The power brokers balk at this. "How do you propose to handle the Justice Department?” one asks. Homelander answers that they’ll be his appointees. What about the military's reaction, or OPEC’s? What happens if civil servants resign en masse?
When asked about their uncanny habit of predicting the future, fantasy and sci-fi writers often say they’re simply looking at the world as it exists and gaming out possibilities from there. Based on what Neuman tells the naysayers, "The Boys" writers must have consulted the Heritage Foundation’s very real Project 2025 and the Trump campaign’s Agenda 47 for inspiration. They weren’t so much predicting the future as following proposals Trump advisers have already laid out.
Corporate media isn’t sufficiently publicizing these plans, leaving it to the likes of, say, John Oliver to sound the alarm on “Last Week Tonight.”
“The Boys” doesn’t present a direct equivalent to these Orwellian-sounding proposals to end democracy. Smart. Doing so would give those downplaying the existential threat to the American experiment something to point at while calling millions of anxious Cassandras ridiculous.

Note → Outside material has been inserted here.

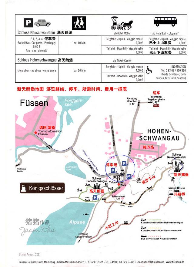 3、天鹅堡脚下---玛丽安桥,乘坐私营巴士上山,5分钟左右。票据弄丢了,记不清楚了。好像上山2.8欧/人,下山1.5欧/人。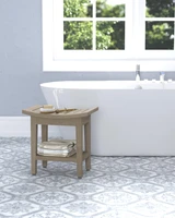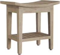 Introducing the Maluku Mist Teak Shower Bench with Shelf by AquaTeak – a harmonious blend of form and function, bringing elegance and practicality to your bathroom or spa. Immerse yourself in the luxury of this meticulously crafted teak shower bench, expertly fashioned from sustainably sourced teak wood. The Maluku Mist Teak Shower Bench stands as a testament to AquaTeak's commitment to superior craftsmanship and innovative design. With its mist finish, this bench exudes a modern and sophisticated ambiance, while the natural beauty of teak wood adds warmth and timeless charm. Crafted with precision from sustainably harvested teak wood, known for its durability and resistance to moisture, this shower bench is designed to withstand the humid bathroom environment. The mist finish complements the teak's warm tones, creating a visually stunning and tranquil aesthetic. Featuring a convenient shelf, this teak shower bench offers storage space for bath essentials, making it both practical and stylish. The finely sanded surface showcases the natural grain patterns of the teak wood, adding to the overall visual appeal. Elevate your shower experience with AquaTeak's Maluku Mist Teak Shower Bench with Shelf – a perfect union of style and functionality. Immerse yourself in the luxury of sustainable teak wood and embrace the seamless blend of form and function in your daily routine. Product Dimensions: 18" x 12" x 18" Product Weight: 11.4 LBS

Instead, the episode’s writer Anslem Richardson penned a power and funding pitch for Victoria that explains why Republicans are so gung-ho to install a king and hand him absolute power, as the Supreme Court did on Monday.
“Truth is, America is not a democracy,” Neuman tells her would-be supporters. “The word democracy makes people feel safe, but the Founders never trusted the masses, because the truth is the masses are . . . stupid. Anyone who owns a ‘Live, Laugh, Love’ mug shouldn't have a say in how our country is run.”
On Trump’s Agenda 47 page he lists his plan to convene a White House task force called “Salute to America 250” on Day One – the only day he’ll act like a dictator, he promises! Its sole responsibility will be to program a year of festivities leading up to a July 4, 2026, celebration centered on Iowa’s state fair.
This reads like a play for the "Live, Laugh, Love" crowd whose approval of wholesome things like butter sculptures and pie-eating contests might lead them to ignore his other plans to “root out” radical left-wing “vermin.”
History distant and near tells us what such dehumanizing language leads to especially when presented beside proposals that sound suspiciously like a modern recreation of Kraft durch Freude, the “Strength Through Joy” program that arose in 1933 to build popular support for another regime that consolidated power into one man.
So what are We, the People, to the rich who are running and ruining things? A labor force that needs “a kind but firm hand,” she says. “Corporations are the real superpowers here. You should be able to operate without any regulation or restriction whatsoever. After all, you’re billionaires. You are smart enough to know what's best.”
Which means leaving it up to the system to take care of them, offering up the masses for work or slaughter in the bargain. That’s how it goes on “The Boys,” and the direction America is headed.
No matter what happens, though, it’s nice to know we’ll probably still get the day off.
New episodes of "The Boys" debut Thursdays on Prime Video.